## Description of the task
Your reply should reproduce the data below without a single alteration, apart from dropping the images.

## Raw data
....
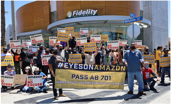 In the Los Angeles area, a small, loud crowd of labor activists, mobilized by the Los Angeles County Federation of Labor, showed up in front of the Fidelity Investment Center in Santa Monica on May 24, two days before the shareholders meeting. “We have a message today to give to Fidelity Investments — Fidelity is a large investor in Amazon,” the rally emcee told the gathering. Warehouse workers are suffering from brutal quotas and terrible injuries, she said.
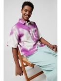 Short sleeve cotton shirt by Urban Outfitters with an allover dye pattern. Regular fit with a button-down front, left chest pocket and standard collar.
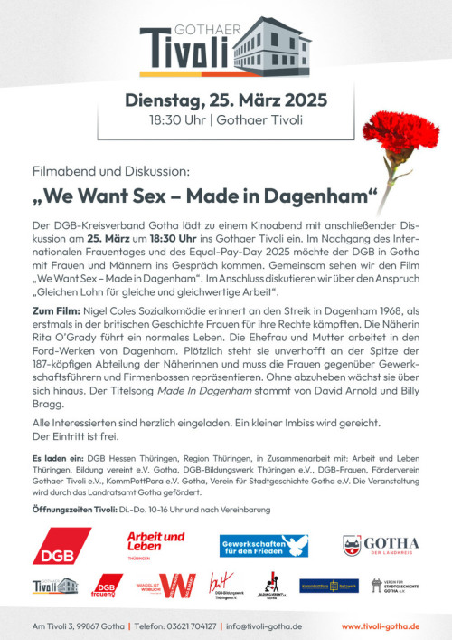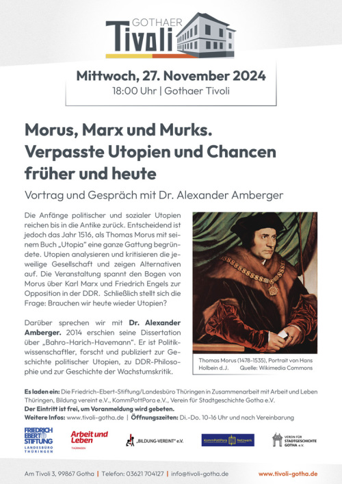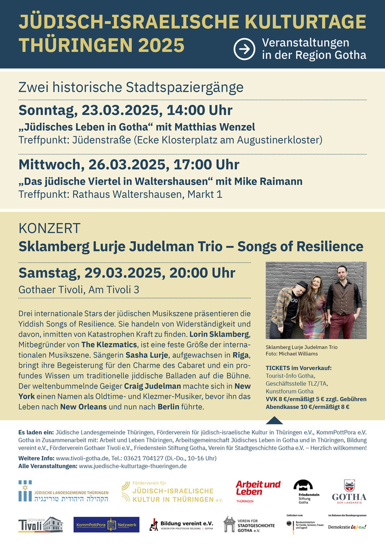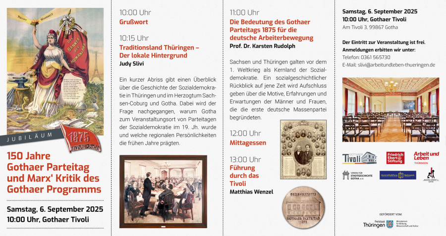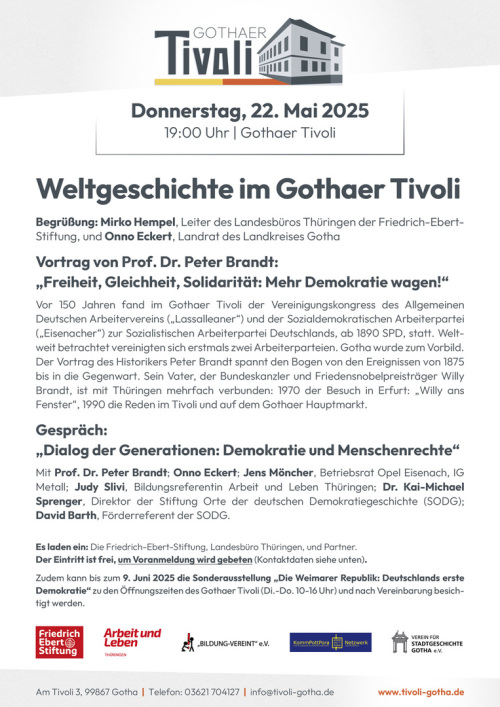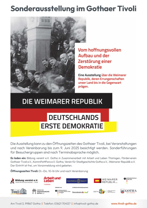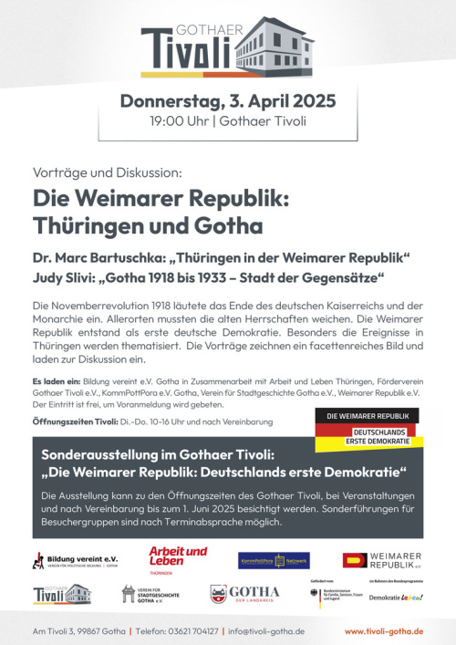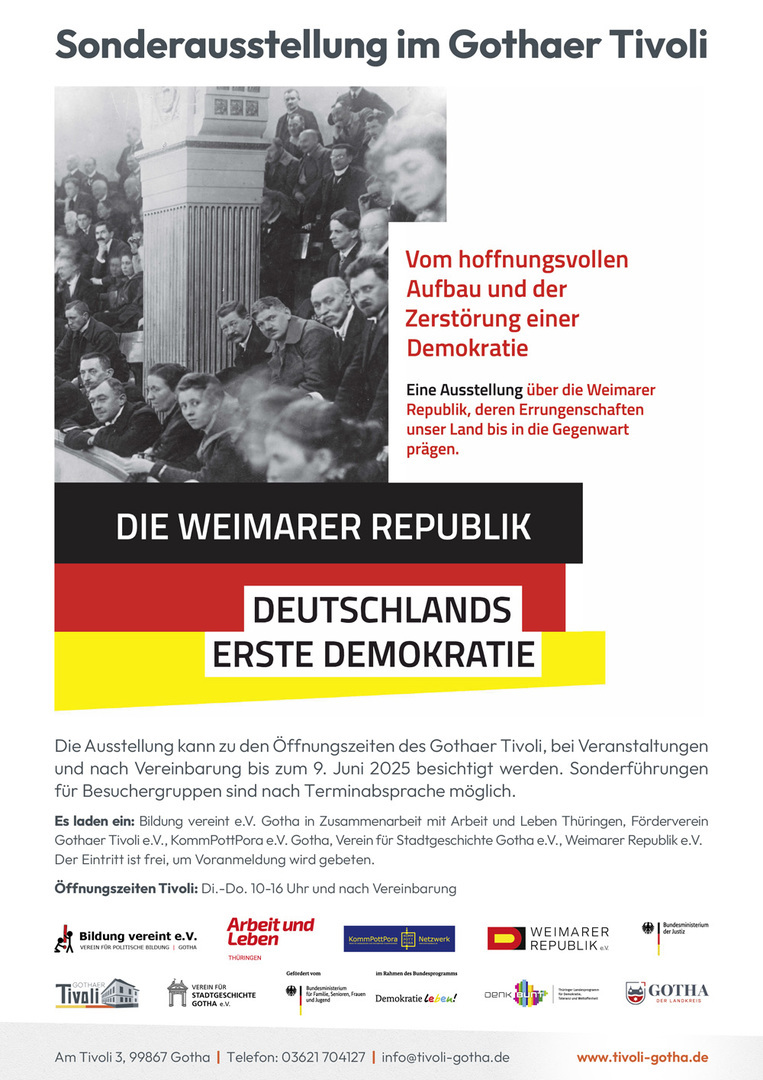 Es laden ein: Weimarer Republik e.V. in Kooperation mit: Arbeit und Leben Thüringen, art der stadt Gotha e.V., Bildung vereint e.V., DGB Kreisverband Gotha, Förderverein Gothaer Tivoli e.V., KommPottPora e.V., Partnerschaft für Demokratie im Landkreis Gotha, ver.di Ortsvorstand Gotha, Verein für Stadtgeschichte Gotha e.V.
....
## Answer to the exercise
 In the Los Angeles area, a small, loud crowd of labor activists, mobilized by the Los Angeles County Federation of Labor, showed up in front of the Fidelity Investment Center in Santa Monica on May 24, two days before the shareholders meeting. “We have a message today to give to Fidelity Investments — Fidelity is a large investor in Amazon,” the rally emcee told the gathering. Warehouse workers are suffering from brutal quotas and terrible injuries, she said.
 Short sleeve cotton shirt by Urban Outfitters with an allover dye pattern. Regular fit with a button-down front, left chest pocket and standard collar.
 Es laden ein: Weimarer Republik e.V. in Kooperation mit: Arbeit und Leben Thüringen, art der stadt Gotha e.V., Bildung vereint e.V., DGB Kreisverband Gotha, Förderverein Gothaer Tivoli e.V., KommPottPora e.V., Partnerschaft für Demokratie im Landkreis Gotha, ver.di Ortsvorstand Gotha, Verein für Stadtgeschichte Gotha e.V.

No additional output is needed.